On this day in 1776, the body of Peyton Randolph is returned to Williamsburg, Virginia, for re-interment at his alma mater, the College of William and Mary. Randolph had died on October 22, 1775, at the age of 54, while in Philadelphia representing Virginia in the second Continental Congress.
Born in 1721 to a prominent and influential Virginia family, Randolph graduated from the College of William and Mary before attending law school in London. Upon his return to the colonies, Randolph took up a private practice and was later named attorney general of Virginia. In 1754, Randolph was elected to the House of Burgesses, Virginia’s official legislative body. As the colonies grew more in favor of independence from Great Britain, Randolph resigned his post as attorney general in 1766 due to a conflict of interest between serving both the British crown and the people of Virginia in the House of Burgesses.
Randolph continued to work in favor of independence from Great Britain by presiding over Virginia’s Committee of Correspondence, which worked to communicate with other colonies to form a united resistance against Britain’s parliament, from May 1773 to August 1774. In September 1774, the first Continental Congress was formed in Philadelphia in response to the British enactment of the Intolerable Acts.
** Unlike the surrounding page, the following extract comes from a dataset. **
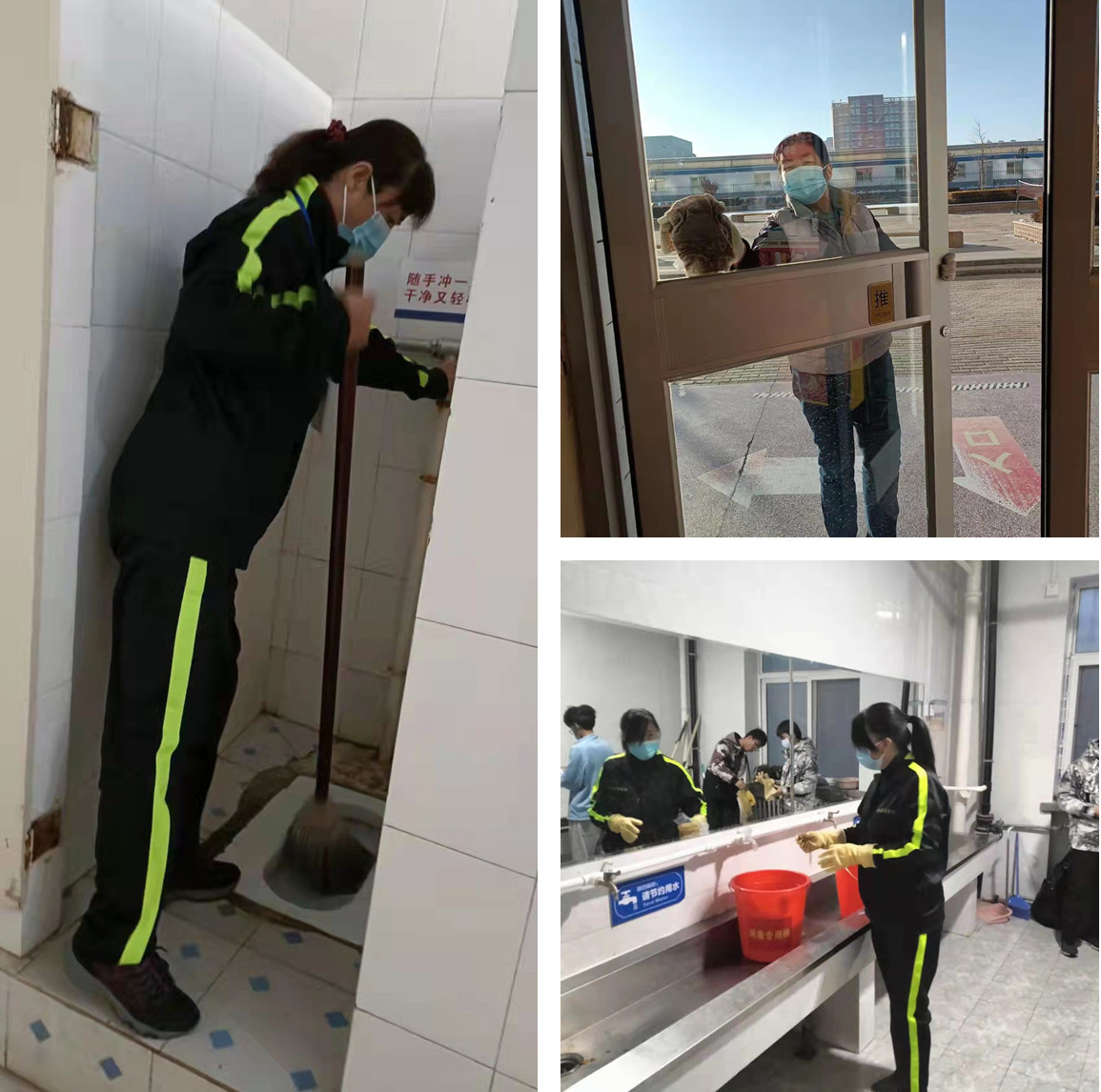 落实卫生保洁,做好公寓消毒。为全方位落实公寓防疫及卫生保洁措施,切实做好学生公寓卫生消杀工作,学工部认真准备、精心组织,成立由16名复退军人学生志愿者组成的集中消毒服务队,每天对校本部南北区和医学校区32栋公寓楼公共区域(楼道、卫生间、盥洗室、楼梯等)进行常规消毒灭菌工作,防止新冠肺炎等各类传染性疾病发生。同时,增加公寓内卫生保洁频次,督促楼管员做好公寓楼门厅、把手、楼道及卫生间日消毒工作,并详细登记;为学生宿舍配发消毒用品(含氯消毒剂、泡腾片),配合临时党支部督促学生做好宿舍内桌凳面、门把手以及电脑、鼠标、键盘、手机等部位和物品的消毒工作。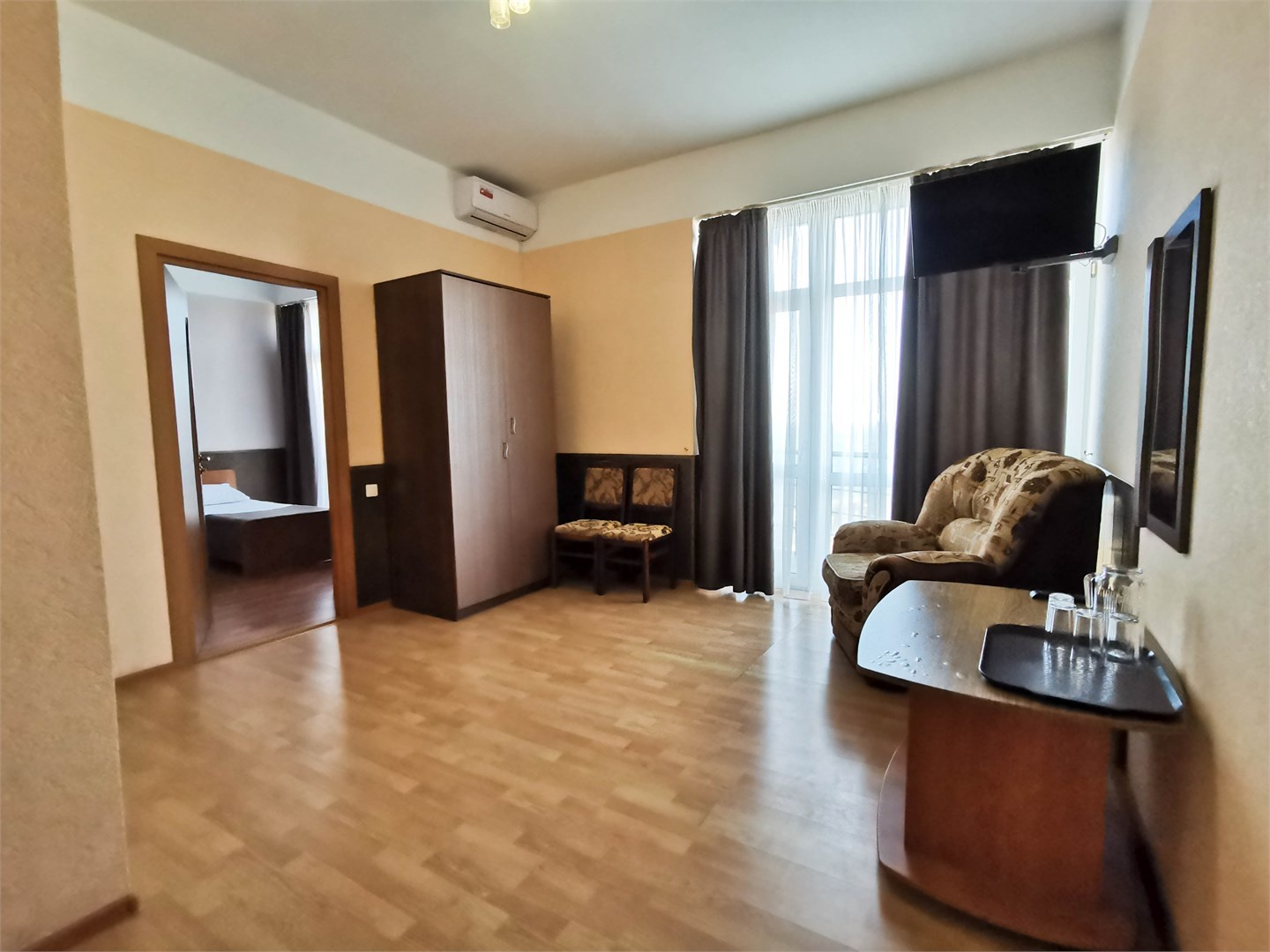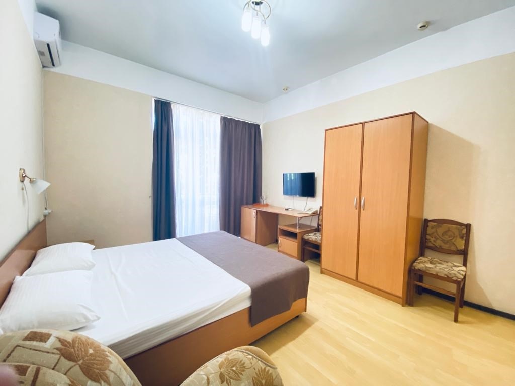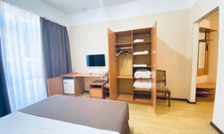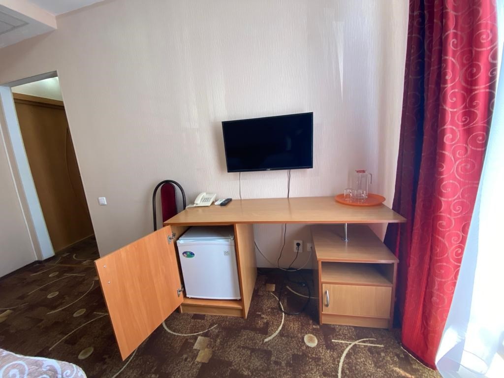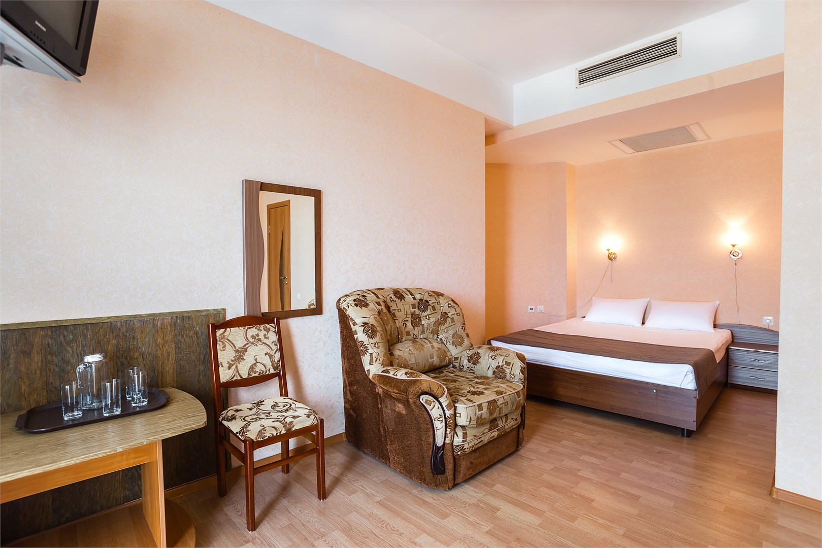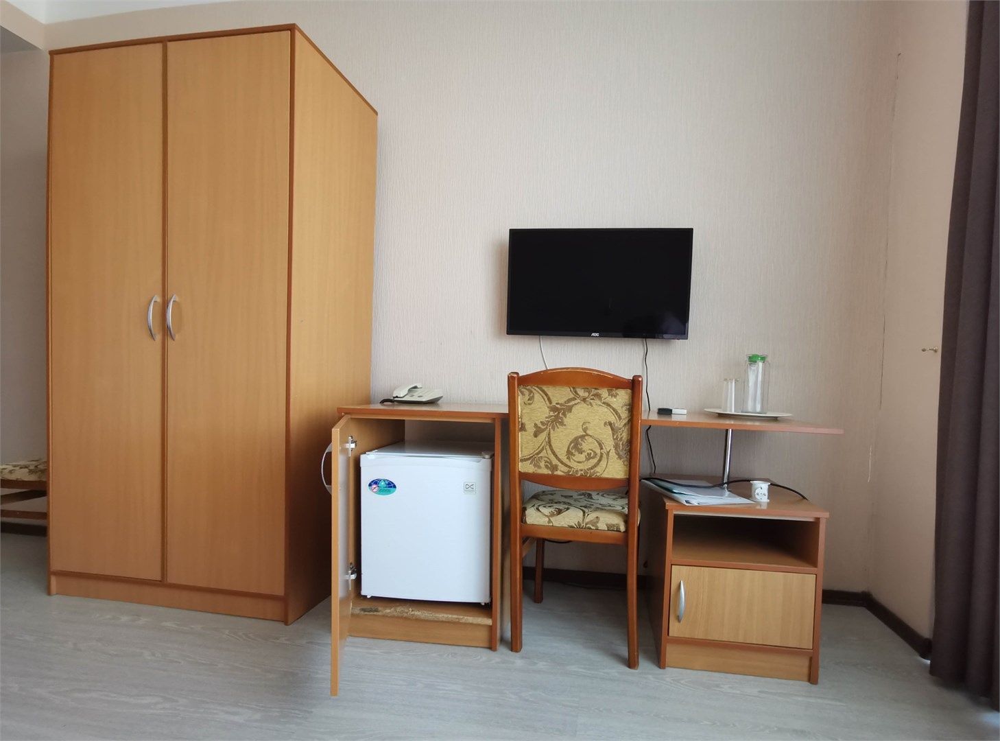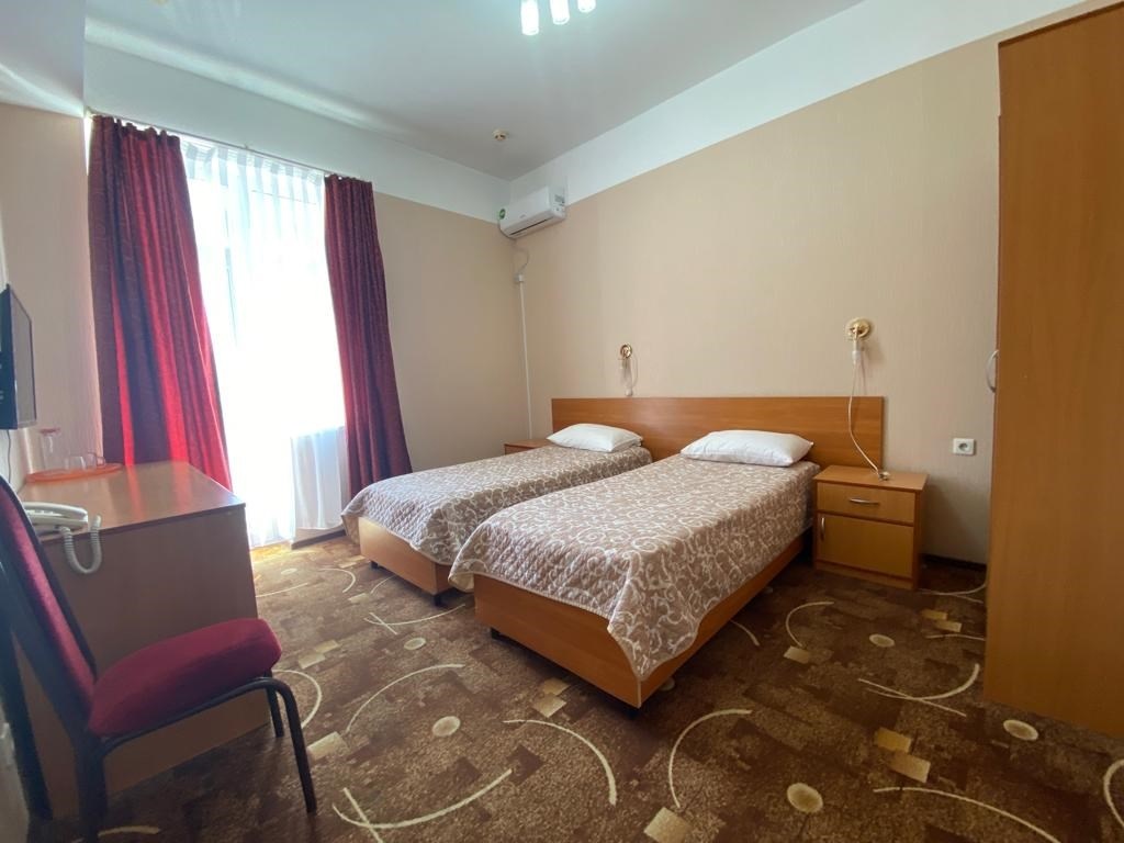 Двухместный номер с видом на море. Отдыхали в августе 2023г. Номер просторный, огромное окно и терраса с мебелью. Отель не новый, но косметический ремонт свежий, матрас удобный, что очень порадовало. Белье белоснежное, сплит, телевизор, посуда для чая, чайник, интернет- все работало. Кулер с водой, гладильная доска с утюгом на этаже. Персонал вежлив. В общем мы остались всем довольны. Рядом много кафе и набережная близко.

It was at that first meeting of the Continental Congress that colonists discussed a united resistance to British rule in America.
On September 5, 1774, Randolph was elected by unanimous vote as the first president of the Continental Congress. He resigned as president in October 1774 to attend a meeting of the Virginia House of Burgesses but remained a powerful and influential figure within Congress. He returned to Congress in May 1775 and was again elected president, but was forced to resign less than one month later due to his failing health.
Randolph did not live to see America achieve independence, a goal toward which he had worked for most of his adult life. He was initially buried at Christ Church in Philadelphia, but was moved to the cemetery at the chapel of the College of William and Mary one year later.